İYİ Parti Bursa Milletvekili İsmail Tatlıoğlu, Berat Albayrak’ın Meclisteki bütçe görüşmelerinden el çektirildiğini iddia etti. Tatlıoğlu bütçe görüşmelerini Cumhurbaşkanı yardımcısı Fuat Oktay'ın yürüttüğünü söyledi.

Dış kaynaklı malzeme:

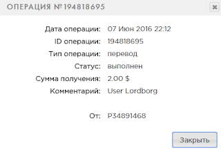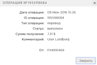 Выплата.The amount of 2.5 USD has been deposited to your Perfect Money account. Accounts: U10696275->U75XXXXX. Memo: API Payment. User Klo.. Date: 08:20 10.06.16. Batch: 136252930.
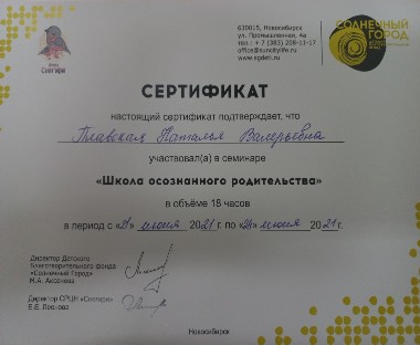 Благотворительный фонд "Солнечный город", город Новосибирск "Школа осознанного родителства", в объёме 18 часов, 2021 год.
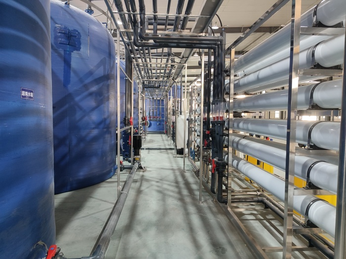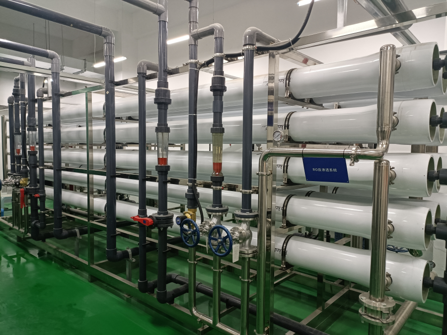 原水→原水箱→原水增壓泵→石英砂過濾器→活性炭過濾器→阻垢劑投加設(shè)備-→精密過濾器→級(jí)高壓泵→級(jí)反滲透主機(jī)→PH調(diào)節(jié)投加設(shè)備→中間水箱→二級(jí)高壓泵→二級(jí)反滲透主機(jī)→生產(chǎn)用水→純水桶→輸送泵→攪拌桶→輸送泵→成品溶液過濾系統(tǒng)→成品桶。

İYİ Parti Bursa Milletvekili İsmail Tatlıoğlu, Mecliste düzenlediği basın toplantısında 2019 bütçesinin gerçekleşmeleri ve 2020 bütçesine ilişkin değerlendirmelerde bulundu. Hükümetin politikalarını eleştiren Tatlıoğlu, “2019 bütçesi hedefleri, sonuçları açısından Cumhuriyet tarihinin en başarısız bütçesi olduğunu görüyoruz. Bu kadar başarısız bütçe nadir görülmüştür.” dedi.
“Görüşmeleri Fuat Oktay yürütüyor”
Hazine ve Maliye Bakanı Berat Albayrak’ın Meclisteki bütçe görüşmelerinden el çektirildiğini iddia eden İYİ Parti’li Tatlıoğlu, bu süreci, Albayrak’ın yerine Cumhurbaşkanı Yardımcısı Fuat Oktay’ın yürüttüğünü, hükümetin bu kararını doğru bulduğunu dile getirdi.

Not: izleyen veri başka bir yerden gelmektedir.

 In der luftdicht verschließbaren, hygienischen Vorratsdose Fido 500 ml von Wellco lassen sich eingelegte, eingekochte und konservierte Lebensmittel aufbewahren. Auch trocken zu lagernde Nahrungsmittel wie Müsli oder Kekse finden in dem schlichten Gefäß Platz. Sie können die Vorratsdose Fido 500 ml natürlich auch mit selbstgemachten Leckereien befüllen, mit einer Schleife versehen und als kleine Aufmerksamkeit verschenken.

Albayrak’ın, “Türkiye ekonomisi kötüye gidiyor diyenler teröristtir” dediğini ifade eden İsmail Tatlıoğlu, “Bu açıklamayı şiddetle kınıyor ve reddediyoruz. Bütçenin hedef ve sonuçları ortada iken böyle bir tanımlamayı yapmak bizzat yetersizliğin ifadesidir. 2019 yılı için büyüme hedefi 2,3 olarak açıklanmıştı ama gerçekleşen sıfıra yakın bir rakam. Bu veri yetersizliğin açık göstergesidir” diye konuştu.
“Bu bütçenin bir vizyonu yok, Türkiye’yi nereye götürüyor belli değil”

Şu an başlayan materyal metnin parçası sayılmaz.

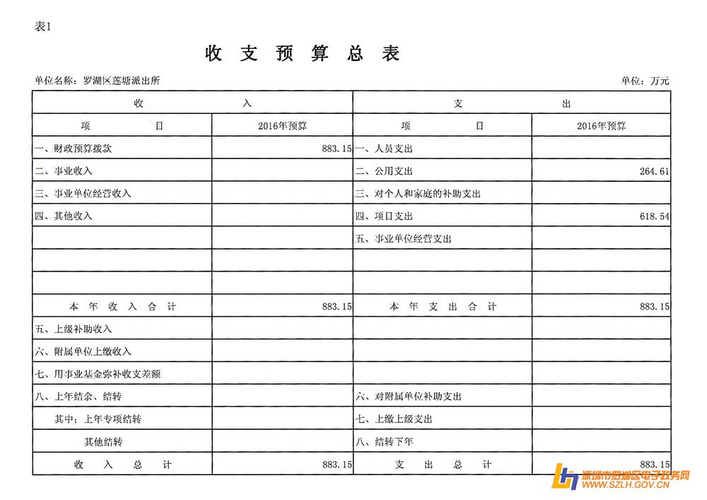 表1:《收支预算总表》

2020 yılı bütçesinde de hedefler ve sonuçlar arasında bir tutarsızlık olduğunu öne süren Tatlıoğlu, şunları söyledi:
“2020 yılında da 2019 yılına benzer bir durum yaşanacaktır. Sorunlarımız yığılarak artmaktadır. Ciddi bir borç ihtiyacı ortaya çıkacaktır. Cumhurbaşkanı Sayın Erdoğan’a 70 milyar lira borçlanma yetkisi verilmesi geleceğe dönük bir işarettir. Bu bütçenin bir vizyonu yok, Türkiye’yi nereye götürüyor, belli değil. Sanayiciye, çiftçiye, girişimciye, sabit ve orta gelirliye daha iyi bir Türkiye vadetmiyor. Türkiye’de yapısal tıkanma var. Bu tıkanmanın açılması için siyasal iklimin değişmesi gerekir. Bunun için de yapısal reformlara ihtiyaç var. Cumhurbaşkancı sistemin bütün alanları aşağıya çektiği bir süreci yaşıyoruz. Türkiye, inşallah siyasal iklimin değişmesiyle yeni bir hikâye yazacaktır”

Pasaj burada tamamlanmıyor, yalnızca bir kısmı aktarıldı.